In marketplaces, governments and scientific bodies alike, more people now accept that growth in its current form is unsustainable. They also acknowledge the conventional wisdom that “degrowth” would be acutely painful—causing massive unemployment, reduced competitiveness and a spiralling recession.
So how is this dilemma to be resolved? This ambitious question now calls for the same kind of daredevilry and determination that drove Hudson to look for the North-west Passage. Over the past few decades, a wide variety of individuals, groups and institutions have been working on pieces of the puzzle. More recently, Britain’s Sustainability Commission has published a study titled Prosperity without Growth?: The Transition to a Sustainable Economy. The study, released just before the Group of Twenty summit in London in March this year, outlines a 12-step plan to make the transition to a fair, sustainable, low-carbon economy.
Some of the recommendations are relatively non-contentious, such as the rigorous reform of macroeconomic accounting to ensure that environmental losses and gains are properly calculated. Even the call to tackle systemic inequality and strengthen human as well as social capital could be accepted after some wrangling.
What will evoke the sharpest divide is the call for reversing the culture of consumerism. How do you do that in a context where both the demand and supply side have come to be drenched in the belief that yeh dil mange more (wishing for more) and indefinitely so. Perhaps the answers will come from a combination of cultural trends, such as the Voluntary Simplicity Movement in the US, as well as business models that foster a prosperity anchored in sufficiency rather than endless wants.
To ask if this is possible is to ignore reality. We all know individuals who have defined prosperity as creative and dynamic sufficiency.

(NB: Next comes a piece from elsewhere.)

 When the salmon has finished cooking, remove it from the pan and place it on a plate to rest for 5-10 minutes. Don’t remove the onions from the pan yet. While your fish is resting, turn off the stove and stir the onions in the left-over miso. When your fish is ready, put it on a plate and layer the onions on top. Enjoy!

In economic terms, this means not frugality but true optimization of resources and respect for ecological cycles as well as limits.
The tight coupling of growth and prosperity is a historical reality. But seeing them as being inseparable in perpetuity could be fatal. And this is primarily a challenge of imagination and secondarily a matter of technology and public policy. The challenge of breaching this mindset barrier can be likened to the daring of explorers who once crossed daunting uncharted oceans.

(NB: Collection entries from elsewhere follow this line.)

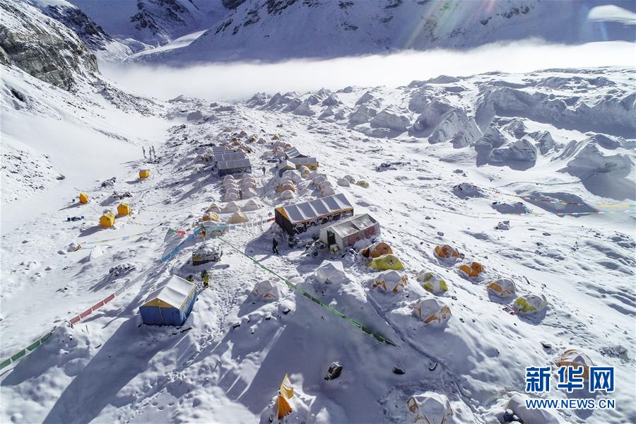 位于珠峰东绒布冰川旁海拔6500米的珠峰前进营地(5月22日摄,无人机照片)。新华社记者 晋美多吉 摄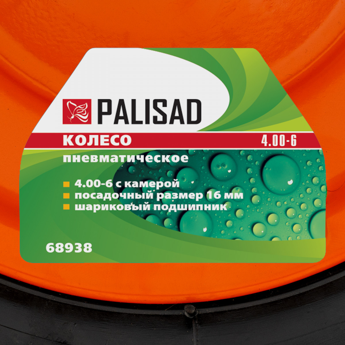 Колесо пневматическое, 4.00-6, D 325 мм, внутренний подшипник D 16 мм, длина оси 100 мм Palisad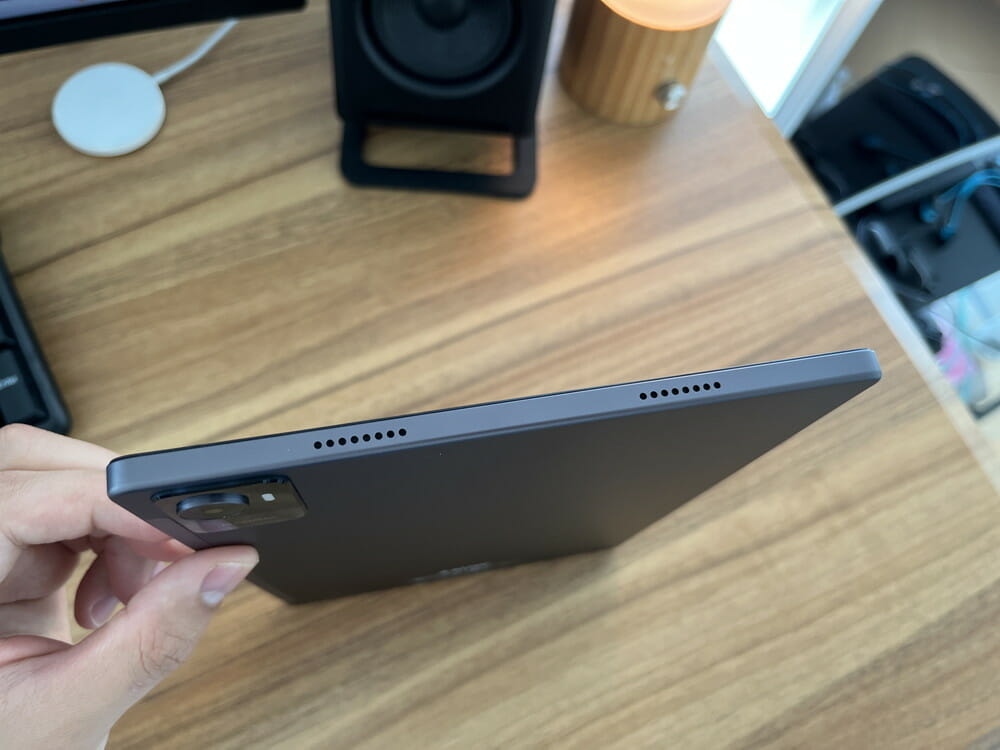 スピーカーは4基内蔵。メディア視聴目的でタブレットを探している方でも満足できるサウンド体験を提供する。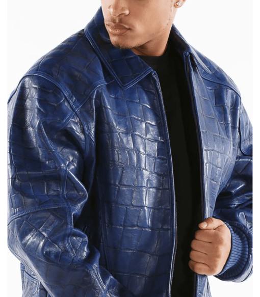 Dark Blue Croc Leather Jacket | Men Jacket

To some it seems fitting that Hudson’s 400th anniversary falls on the same week that marks one year of an excruciating financial meltdown—because the arrival of Europeans brought death and destruction to local peoples and habitats. And yet this can also be a time of profound reflection and rethinking to alter course.
Some have hoped that the near-collapse of the global economy will serve as a breathing space in which there might be more room for dissolving the old mindset. It is hard to say to what extent this has happened and whether the excitement about delinking prosperity from growth has gone beyond the circles of what one commentator called the “motivated and impotent few”.
But one thing is clear. If civilization as we know it survives the 21st century, the pioneers and innovators who will be celebrated in times to come will be those who showed us how to prosper and be abundantly creative in sync with nature.